→ What the exercise asks
Transcribe the lines exactly, beginning with the one that contains "快適で上質な暮らしを寝室にも" and ending with the final line of the records. Do not transcribe pictures.
[Dataset excerpts — start]
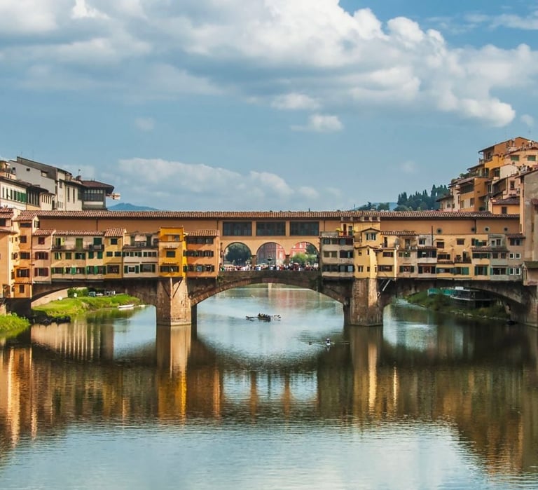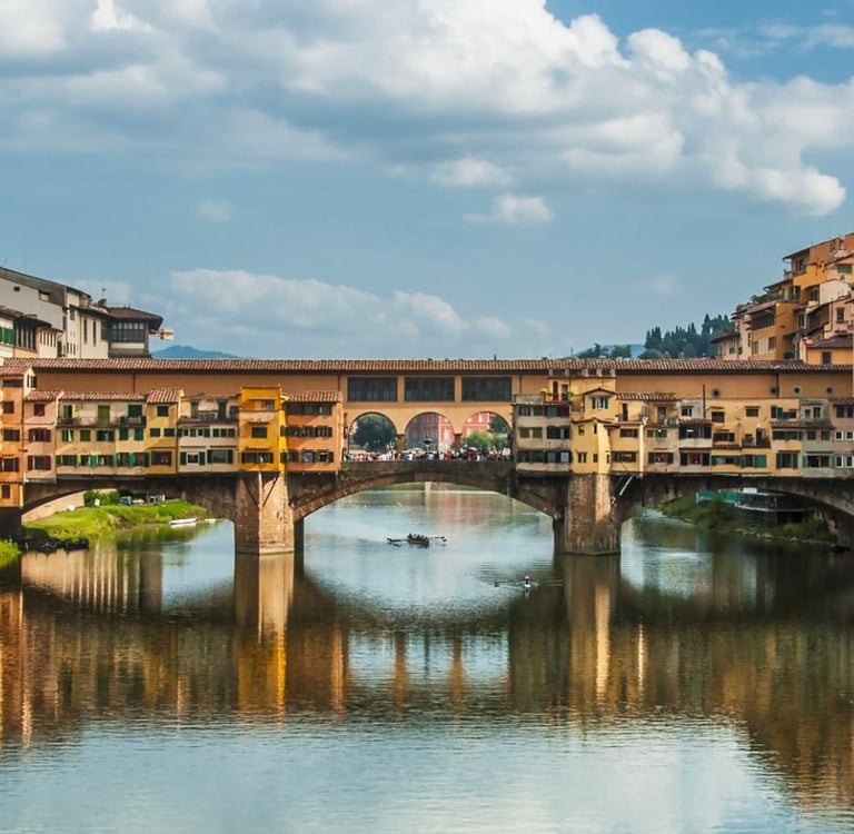Il Ponte Vecchio si stende come un sorriso di case colorate: botteghe sospese, finestre piccole, luci gialle quando il sole scende. Qui ogni tramonto è irresistibile; tutti tirano fuori la fotocamera, ma nessuno riesce a portar via davvero la magia.
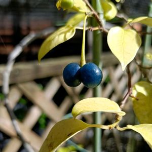 ★アオカズラ(青葛)★ アワブキ科の落葉蔓性植物 花期:3〜4月 果実はφ5mmほどの歪んだ球体。小房が2つあり、2つの実がくっついてヒョウタン形になることが多い。 花はφ5mmほどの小花、黄色の花弁5、雄蕊5、雌蕊1。 2025.11.3 筑波実験植物園(EN)📱
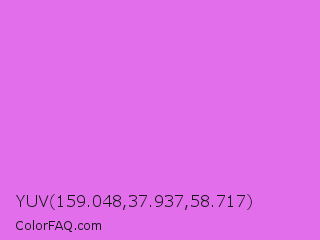YUV 159.048,37.937,58.717 Color is a light magenta color and the nearest color is Heliotrope #df73ff. Hex code #e26eec and RGB value is rgb(226,110,236). In RGB color space, this color is composed of 89% red, 43% green, 93% blue, In CMYK color space, this color is composed of 4% cyan, 53% magenta, 0% yellow , 7% black , In HSL color space, this color has a hue angle of 295° , 77% saturation and 68% lightness.
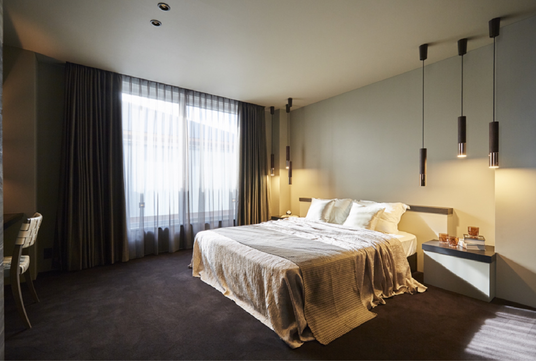 快適で上質な暮らしを寝室にも。まるでホテルに来たような空間に、見せる収納を体現するガラス張りのドレスルーム。
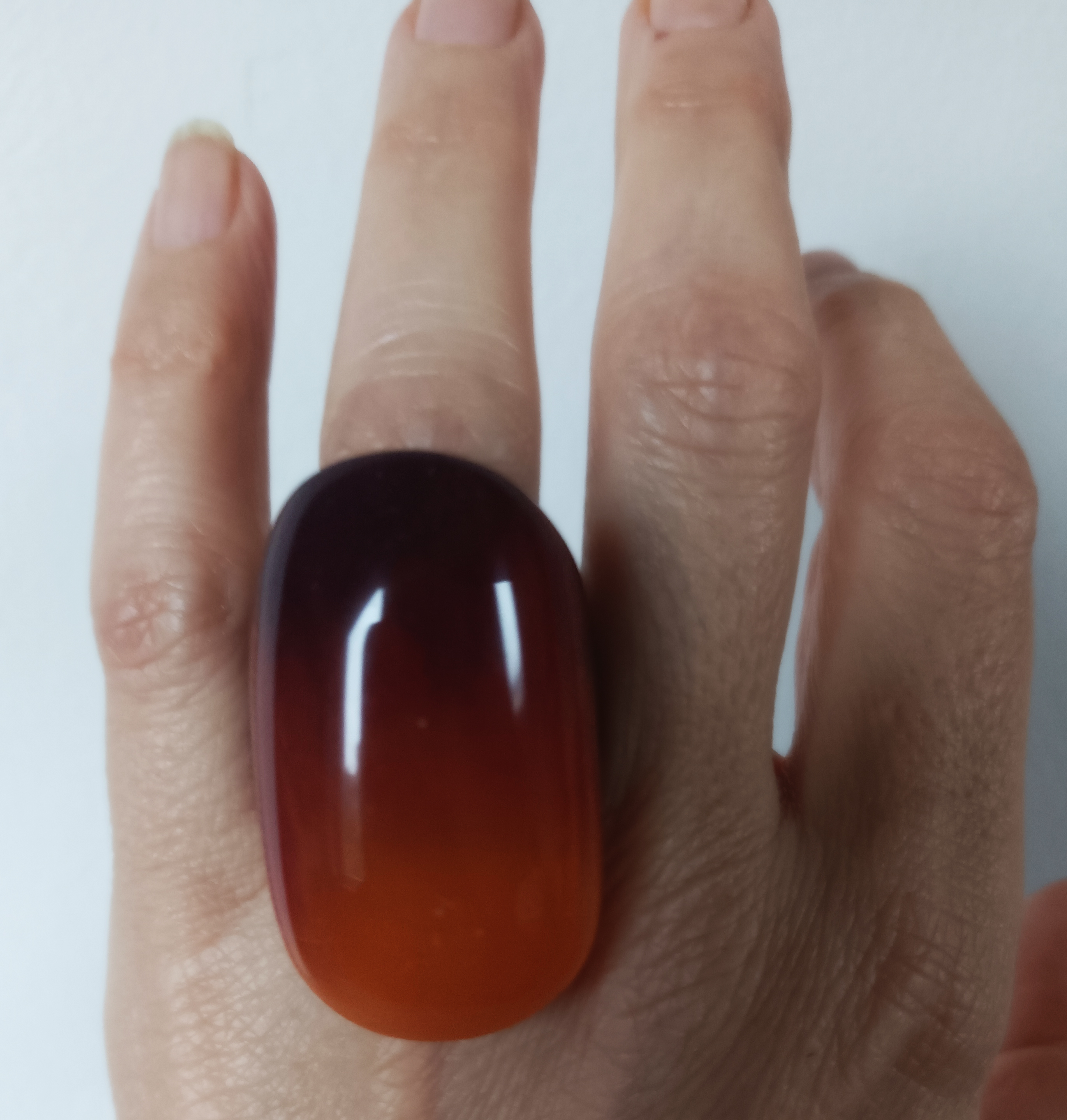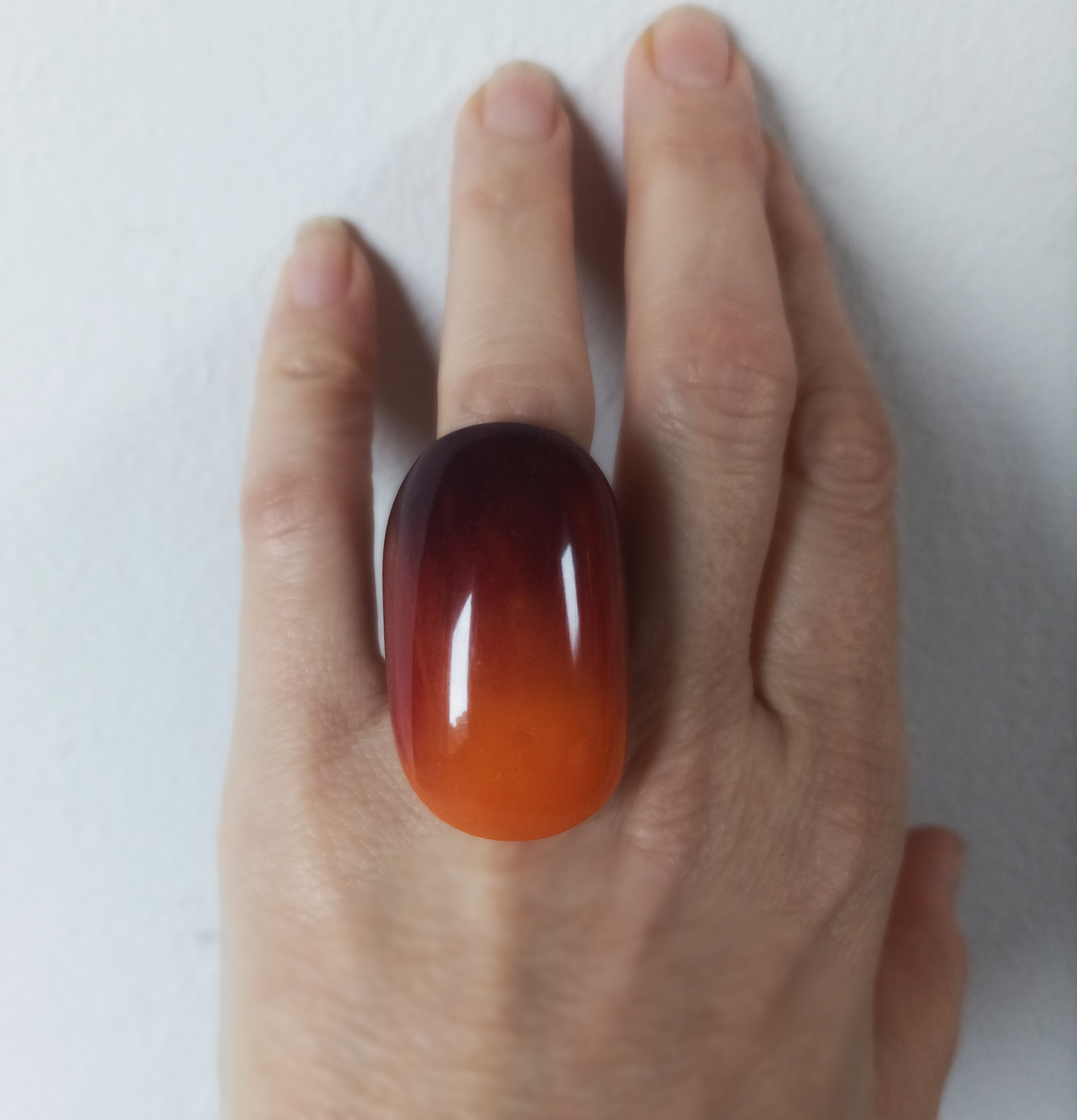 Orange colour softly melted into deep purpleness on the surface of this ring.
[Dataset excerpts — finish]
→ Response area
 快適で上質な暮らしを寝室にも。まるでホテルに来たような空間に、見せる収納を体現するガラス張りのドレスルーム。
 Orange colour softly melted into deep purpleness on the surface of this ring.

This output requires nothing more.